> **Material provided**:
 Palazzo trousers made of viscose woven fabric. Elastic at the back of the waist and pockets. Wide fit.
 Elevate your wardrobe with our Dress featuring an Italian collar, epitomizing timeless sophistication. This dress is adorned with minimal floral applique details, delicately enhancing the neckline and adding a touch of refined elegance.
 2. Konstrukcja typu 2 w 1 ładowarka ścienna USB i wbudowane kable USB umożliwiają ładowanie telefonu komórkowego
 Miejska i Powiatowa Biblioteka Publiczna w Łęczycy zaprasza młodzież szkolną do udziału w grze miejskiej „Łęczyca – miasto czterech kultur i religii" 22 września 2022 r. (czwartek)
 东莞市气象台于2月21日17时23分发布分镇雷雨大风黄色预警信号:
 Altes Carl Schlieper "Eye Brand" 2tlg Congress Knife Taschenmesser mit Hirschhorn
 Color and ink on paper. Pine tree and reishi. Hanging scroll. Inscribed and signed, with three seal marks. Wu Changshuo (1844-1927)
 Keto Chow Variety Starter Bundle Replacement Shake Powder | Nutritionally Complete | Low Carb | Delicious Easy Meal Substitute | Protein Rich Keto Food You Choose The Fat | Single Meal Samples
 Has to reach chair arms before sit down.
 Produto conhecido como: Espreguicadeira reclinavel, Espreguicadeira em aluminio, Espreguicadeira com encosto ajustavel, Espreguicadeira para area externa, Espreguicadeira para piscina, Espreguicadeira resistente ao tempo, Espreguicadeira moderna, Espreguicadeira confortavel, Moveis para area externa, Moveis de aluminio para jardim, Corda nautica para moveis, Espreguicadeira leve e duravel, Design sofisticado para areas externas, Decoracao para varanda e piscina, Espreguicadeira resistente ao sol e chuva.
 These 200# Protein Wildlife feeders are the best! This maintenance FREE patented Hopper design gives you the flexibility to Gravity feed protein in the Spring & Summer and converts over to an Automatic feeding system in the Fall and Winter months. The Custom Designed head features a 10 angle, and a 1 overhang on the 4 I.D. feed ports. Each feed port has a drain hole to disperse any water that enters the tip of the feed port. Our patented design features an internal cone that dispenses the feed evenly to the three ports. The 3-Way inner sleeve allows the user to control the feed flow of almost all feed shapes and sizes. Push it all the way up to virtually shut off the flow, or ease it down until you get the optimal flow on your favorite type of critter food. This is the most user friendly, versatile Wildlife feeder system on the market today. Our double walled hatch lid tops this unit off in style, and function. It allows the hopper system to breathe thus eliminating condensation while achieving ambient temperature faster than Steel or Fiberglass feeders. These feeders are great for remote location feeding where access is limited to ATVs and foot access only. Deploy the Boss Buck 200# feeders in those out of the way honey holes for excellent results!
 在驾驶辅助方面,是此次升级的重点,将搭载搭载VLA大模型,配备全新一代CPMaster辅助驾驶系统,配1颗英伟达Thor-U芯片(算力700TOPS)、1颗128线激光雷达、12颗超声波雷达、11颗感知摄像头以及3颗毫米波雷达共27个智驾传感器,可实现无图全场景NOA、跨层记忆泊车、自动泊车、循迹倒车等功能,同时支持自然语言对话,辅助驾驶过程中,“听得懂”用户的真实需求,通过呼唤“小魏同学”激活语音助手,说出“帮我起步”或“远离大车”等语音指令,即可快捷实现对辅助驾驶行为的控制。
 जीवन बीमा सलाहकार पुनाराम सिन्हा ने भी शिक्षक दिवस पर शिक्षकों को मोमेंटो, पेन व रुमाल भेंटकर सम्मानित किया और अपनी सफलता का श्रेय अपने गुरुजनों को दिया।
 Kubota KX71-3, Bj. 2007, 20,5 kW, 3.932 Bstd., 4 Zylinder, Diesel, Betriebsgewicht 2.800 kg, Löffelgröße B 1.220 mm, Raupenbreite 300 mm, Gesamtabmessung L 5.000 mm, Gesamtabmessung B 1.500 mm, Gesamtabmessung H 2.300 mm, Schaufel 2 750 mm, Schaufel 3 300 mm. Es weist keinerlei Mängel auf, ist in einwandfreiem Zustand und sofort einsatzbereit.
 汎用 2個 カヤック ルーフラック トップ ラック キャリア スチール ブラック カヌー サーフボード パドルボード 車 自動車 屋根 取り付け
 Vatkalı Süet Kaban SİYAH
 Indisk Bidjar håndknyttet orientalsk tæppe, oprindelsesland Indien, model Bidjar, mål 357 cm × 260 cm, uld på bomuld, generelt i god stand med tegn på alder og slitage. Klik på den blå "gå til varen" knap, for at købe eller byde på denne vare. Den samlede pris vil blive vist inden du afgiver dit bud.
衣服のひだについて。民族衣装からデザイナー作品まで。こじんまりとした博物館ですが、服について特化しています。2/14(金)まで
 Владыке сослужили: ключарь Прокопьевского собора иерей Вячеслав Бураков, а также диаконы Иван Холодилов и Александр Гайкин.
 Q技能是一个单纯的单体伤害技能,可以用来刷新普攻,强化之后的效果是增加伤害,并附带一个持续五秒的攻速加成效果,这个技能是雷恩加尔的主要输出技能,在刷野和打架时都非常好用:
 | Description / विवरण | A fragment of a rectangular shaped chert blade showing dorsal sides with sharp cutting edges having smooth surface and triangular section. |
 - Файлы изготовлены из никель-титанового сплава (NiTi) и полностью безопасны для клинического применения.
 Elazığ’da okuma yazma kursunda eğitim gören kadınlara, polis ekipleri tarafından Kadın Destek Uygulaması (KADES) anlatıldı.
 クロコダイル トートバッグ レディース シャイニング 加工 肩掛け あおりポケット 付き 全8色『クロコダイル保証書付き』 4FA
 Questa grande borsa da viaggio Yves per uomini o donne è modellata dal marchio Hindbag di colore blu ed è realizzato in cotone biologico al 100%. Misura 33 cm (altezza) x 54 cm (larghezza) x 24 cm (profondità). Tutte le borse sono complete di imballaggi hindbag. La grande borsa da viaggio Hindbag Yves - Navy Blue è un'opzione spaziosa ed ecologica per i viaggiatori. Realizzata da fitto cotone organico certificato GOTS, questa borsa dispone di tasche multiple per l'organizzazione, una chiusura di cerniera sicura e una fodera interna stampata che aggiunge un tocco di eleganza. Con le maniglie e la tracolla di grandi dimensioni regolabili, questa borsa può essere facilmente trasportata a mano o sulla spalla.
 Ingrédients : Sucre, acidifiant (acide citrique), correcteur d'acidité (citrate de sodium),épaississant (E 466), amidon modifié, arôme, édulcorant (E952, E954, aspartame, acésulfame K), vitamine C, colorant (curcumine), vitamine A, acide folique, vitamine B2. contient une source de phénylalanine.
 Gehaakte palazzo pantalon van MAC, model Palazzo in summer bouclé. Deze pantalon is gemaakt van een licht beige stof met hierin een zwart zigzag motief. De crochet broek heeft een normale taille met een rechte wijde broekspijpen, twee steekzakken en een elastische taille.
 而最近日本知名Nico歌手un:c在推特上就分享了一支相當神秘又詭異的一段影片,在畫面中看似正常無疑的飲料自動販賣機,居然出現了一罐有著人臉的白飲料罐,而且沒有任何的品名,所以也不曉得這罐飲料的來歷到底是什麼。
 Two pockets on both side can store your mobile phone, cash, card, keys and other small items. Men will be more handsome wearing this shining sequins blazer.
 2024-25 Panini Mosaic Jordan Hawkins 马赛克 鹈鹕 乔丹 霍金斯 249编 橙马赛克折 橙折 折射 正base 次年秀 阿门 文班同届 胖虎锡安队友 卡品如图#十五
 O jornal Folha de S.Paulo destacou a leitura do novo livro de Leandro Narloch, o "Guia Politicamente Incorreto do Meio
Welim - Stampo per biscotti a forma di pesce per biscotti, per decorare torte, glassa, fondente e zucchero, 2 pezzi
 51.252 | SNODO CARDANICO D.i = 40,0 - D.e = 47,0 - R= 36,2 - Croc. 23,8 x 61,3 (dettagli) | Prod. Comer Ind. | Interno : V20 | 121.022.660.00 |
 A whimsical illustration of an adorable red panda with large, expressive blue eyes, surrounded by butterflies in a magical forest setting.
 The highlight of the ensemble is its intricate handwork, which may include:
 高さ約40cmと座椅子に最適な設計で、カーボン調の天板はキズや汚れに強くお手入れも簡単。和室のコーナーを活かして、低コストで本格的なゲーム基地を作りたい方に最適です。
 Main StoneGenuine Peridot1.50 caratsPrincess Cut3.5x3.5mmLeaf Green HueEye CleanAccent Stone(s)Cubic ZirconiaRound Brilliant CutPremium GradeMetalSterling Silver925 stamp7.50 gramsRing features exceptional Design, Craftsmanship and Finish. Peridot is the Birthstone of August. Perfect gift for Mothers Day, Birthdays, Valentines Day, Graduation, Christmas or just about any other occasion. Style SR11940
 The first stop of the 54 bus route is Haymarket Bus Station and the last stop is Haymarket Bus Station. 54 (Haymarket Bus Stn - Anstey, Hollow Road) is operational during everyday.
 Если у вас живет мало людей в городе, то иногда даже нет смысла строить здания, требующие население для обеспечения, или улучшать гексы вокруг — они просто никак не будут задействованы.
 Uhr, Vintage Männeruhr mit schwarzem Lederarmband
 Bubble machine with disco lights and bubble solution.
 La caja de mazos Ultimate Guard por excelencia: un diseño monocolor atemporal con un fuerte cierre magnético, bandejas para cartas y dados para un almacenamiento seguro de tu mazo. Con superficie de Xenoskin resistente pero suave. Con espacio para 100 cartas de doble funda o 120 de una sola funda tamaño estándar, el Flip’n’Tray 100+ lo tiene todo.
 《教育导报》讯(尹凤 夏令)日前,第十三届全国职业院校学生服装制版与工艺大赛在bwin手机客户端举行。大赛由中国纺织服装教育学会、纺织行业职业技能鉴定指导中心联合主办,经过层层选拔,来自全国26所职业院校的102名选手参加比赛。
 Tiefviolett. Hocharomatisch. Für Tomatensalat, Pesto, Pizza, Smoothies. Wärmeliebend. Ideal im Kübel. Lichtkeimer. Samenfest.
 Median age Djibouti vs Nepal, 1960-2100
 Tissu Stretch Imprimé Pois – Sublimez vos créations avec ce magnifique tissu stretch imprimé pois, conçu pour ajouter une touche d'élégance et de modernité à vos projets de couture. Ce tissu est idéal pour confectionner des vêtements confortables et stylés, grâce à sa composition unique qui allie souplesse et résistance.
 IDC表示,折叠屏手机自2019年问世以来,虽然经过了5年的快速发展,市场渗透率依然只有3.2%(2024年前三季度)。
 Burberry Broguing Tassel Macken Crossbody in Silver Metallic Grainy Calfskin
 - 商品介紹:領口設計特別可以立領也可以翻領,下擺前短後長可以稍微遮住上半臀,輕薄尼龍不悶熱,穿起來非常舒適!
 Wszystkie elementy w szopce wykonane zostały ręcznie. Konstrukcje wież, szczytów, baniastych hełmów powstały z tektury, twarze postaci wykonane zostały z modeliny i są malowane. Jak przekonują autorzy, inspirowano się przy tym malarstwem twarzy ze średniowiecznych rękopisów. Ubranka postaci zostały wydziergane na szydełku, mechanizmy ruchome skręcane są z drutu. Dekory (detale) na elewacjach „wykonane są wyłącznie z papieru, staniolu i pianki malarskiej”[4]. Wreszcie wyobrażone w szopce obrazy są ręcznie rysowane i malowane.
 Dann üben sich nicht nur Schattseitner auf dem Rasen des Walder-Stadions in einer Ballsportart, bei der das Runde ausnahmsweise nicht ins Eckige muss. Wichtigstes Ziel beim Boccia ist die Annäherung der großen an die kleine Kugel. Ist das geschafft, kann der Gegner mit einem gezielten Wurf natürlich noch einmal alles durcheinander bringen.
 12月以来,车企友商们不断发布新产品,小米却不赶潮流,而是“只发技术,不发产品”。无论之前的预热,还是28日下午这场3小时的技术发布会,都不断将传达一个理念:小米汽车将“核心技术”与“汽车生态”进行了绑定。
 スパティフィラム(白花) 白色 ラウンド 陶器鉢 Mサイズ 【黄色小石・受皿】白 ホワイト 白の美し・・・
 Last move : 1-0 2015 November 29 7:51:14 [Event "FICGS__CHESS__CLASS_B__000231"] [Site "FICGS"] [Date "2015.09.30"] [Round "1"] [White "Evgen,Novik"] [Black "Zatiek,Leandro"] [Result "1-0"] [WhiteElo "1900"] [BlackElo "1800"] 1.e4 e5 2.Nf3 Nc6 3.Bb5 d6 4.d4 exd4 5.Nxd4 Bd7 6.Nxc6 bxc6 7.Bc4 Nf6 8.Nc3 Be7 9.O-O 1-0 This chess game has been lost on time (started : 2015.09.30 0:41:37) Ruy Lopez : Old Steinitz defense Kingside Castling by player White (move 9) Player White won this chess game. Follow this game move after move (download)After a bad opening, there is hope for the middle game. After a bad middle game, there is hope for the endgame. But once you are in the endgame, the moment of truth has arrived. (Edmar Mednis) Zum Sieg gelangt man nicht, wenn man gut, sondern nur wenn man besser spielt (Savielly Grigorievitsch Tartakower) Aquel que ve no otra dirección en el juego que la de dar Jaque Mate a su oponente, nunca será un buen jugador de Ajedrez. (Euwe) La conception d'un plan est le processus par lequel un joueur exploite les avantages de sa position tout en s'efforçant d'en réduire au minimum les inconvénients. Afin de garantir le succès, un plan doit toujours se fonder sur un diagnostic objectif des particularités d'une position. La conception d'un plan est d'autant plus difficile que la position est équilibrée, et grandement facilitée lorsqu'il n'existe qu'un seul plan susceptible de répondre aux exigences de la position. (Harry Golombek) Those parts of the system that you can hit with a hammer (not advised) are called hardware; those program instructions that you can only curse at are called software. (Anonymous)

> **Problem requirements**: Lines holding the word "pockets" in the entries above are the ones to pull out. Copy them all.

> **Expected answer**:
 Palazzo trousers made of viscose woven fabric. Elastic at the back of the waist and pockets. Wide fit.
 Two pockets on both side can store your mobile phone, cash, card, keys and other small items. Men will be more handsome wearing this shining sequins blazer.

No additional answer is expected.